Let’s start off simply by looking at total shots. This includes shots on target, off target, speculative long range efforts, blocked shots and even scuffed shots that go out for a throw in.

Total Shots TableI have included how many home and away games each team has played because it can matter to the mean values for this sample size. For example Arsenal have played the least home games with 9; at home they average 17.3 shots per game whilst away from home they manage 13.4, a difference of about 4 shots.

As we can see from the table, Liverpool are currently the undisputed shot taking champions with 1.4 shots per game more than second placed Tottenham. Stoke on the other hand lie bottom and take on average only 9.8 shots per game.

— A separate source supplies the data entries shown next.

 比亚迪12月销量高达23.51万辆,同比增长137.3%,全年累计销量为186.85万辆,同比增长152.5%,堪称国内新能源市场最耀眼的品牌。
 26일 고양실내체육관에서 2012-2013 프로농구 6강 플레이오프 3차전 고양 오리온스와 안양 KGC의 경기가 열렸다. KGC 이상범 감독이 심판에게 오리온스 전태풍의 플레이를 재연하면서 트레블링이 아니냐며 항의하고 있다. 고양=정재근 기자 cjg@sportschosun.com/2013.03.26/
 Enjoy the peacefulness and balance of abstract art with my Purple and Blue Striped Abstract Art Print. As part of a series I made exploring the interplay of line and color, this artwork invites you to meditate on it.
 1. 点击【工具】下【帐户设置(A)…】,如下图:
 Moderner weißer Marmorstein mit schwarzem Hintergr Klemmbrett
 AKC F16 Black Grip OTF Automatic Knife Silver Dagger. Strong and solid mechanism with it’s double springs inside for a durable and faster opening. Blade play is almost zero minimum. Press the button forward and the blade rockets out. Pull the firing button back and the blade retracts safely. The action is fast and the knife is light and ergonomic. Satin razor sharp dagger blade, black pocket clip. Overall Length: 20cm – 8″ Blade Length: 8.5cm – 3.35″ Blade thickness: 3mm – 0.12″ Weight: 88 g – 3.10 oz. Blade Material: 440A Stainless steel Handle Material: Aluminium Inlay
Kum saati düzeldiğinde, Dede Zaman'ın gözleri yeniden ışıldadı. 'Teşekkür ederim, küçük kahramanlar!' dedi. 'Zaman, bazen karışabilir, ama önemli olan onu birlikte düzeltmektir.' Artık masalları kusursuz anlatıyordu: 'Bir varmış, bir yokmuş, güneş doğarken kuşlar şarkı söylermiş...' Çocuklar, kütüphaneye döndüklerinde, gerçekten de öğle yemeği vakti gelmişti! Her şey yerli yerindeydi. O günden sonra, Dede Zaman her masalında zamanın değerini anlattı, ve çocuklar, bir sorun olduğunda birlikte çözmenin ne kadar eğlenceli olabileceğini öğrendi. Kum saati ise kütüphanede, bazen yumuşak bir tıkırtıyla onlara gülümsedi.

The biggest outliers when compared to the league table are Stoke and QPR, whose positions are reversed. We can see quite clearly from this strange result that total shots is not a good indicator of, say, the quality of shots taken as Stoke have actually scored 4 more goals than QPR so far this season, despite having taken only 206 shots compared to QPR’s 278.

Total Shots on Target

The table of shots on target improves the correlation with the actual league table slightly:

Total Shots On Target TableLiverpool, #1 in the total shots table, slip to 5th and the top 7 would seem quite reasonable to the casual observer (perhaps in a different order). However, Newcastle outperform their league position again by 7 places and we have a similar ‘anomaly’ between QPR and Stoke as before. Perhaps Newcastle and QPR have been unlucky and Stoke/WBA lucky? Well, of course we can’t seriously infer that as we are not incorporating any form of defensive strength into this table – Stoke, for example, have conceded fewer goals at home than any other team. This leads to the next table:

Total Shots On Target For – Against

This is a shots on target difference table, to show the difference between average shots on target for minus shots on target conceded for each team:

Total Shots On Target Difference TableNote that the range and standard deviation of our difference to the actual league table has dropped moderately, suggesting that this table provides the closest indication of league table performance so far. Interestingly, on average, teams below 7th place all concede more shots on target than they have made. Again there are outliers: Newcastle stubbornly insist on taking 8th place throughout these tables, despite their league table position of 15th. The missing ingredient to make the leap to the actual league table is of course the goals scored and conceded themselves. So this table suggests that the teams who are better off in the actual league table have:

  1. Created more high quality shots
  2. Been more clinical at converting their shots
  3. Stifled the opposition attack into having worse shots
  4. Relied on good goalkeeping to save shots on target

For example, Manchester City and Manchester United have both had 68 big chances this season. United have scored 30, whilst City have scored 25. This shows United’s slight edge over City so far this season in terms of clinicism. When it comes to big chances conceded, the opposition have converted 10 big chances against United compared to 9 against City. So the overall goal difference just from big chances is +4 in United’s favour, a small number which nonetheless remains significant after 21 games.

Goal Difference Table

The last table in the post considers goal difference:

GD Table

From the goal difference table we see the impact of the 8-0 loss to Aston Villa’s position. Otherwise the table broadly tells the story of the league table itself which in itself is quite unsurprising, give or take the odd shuffle here and there.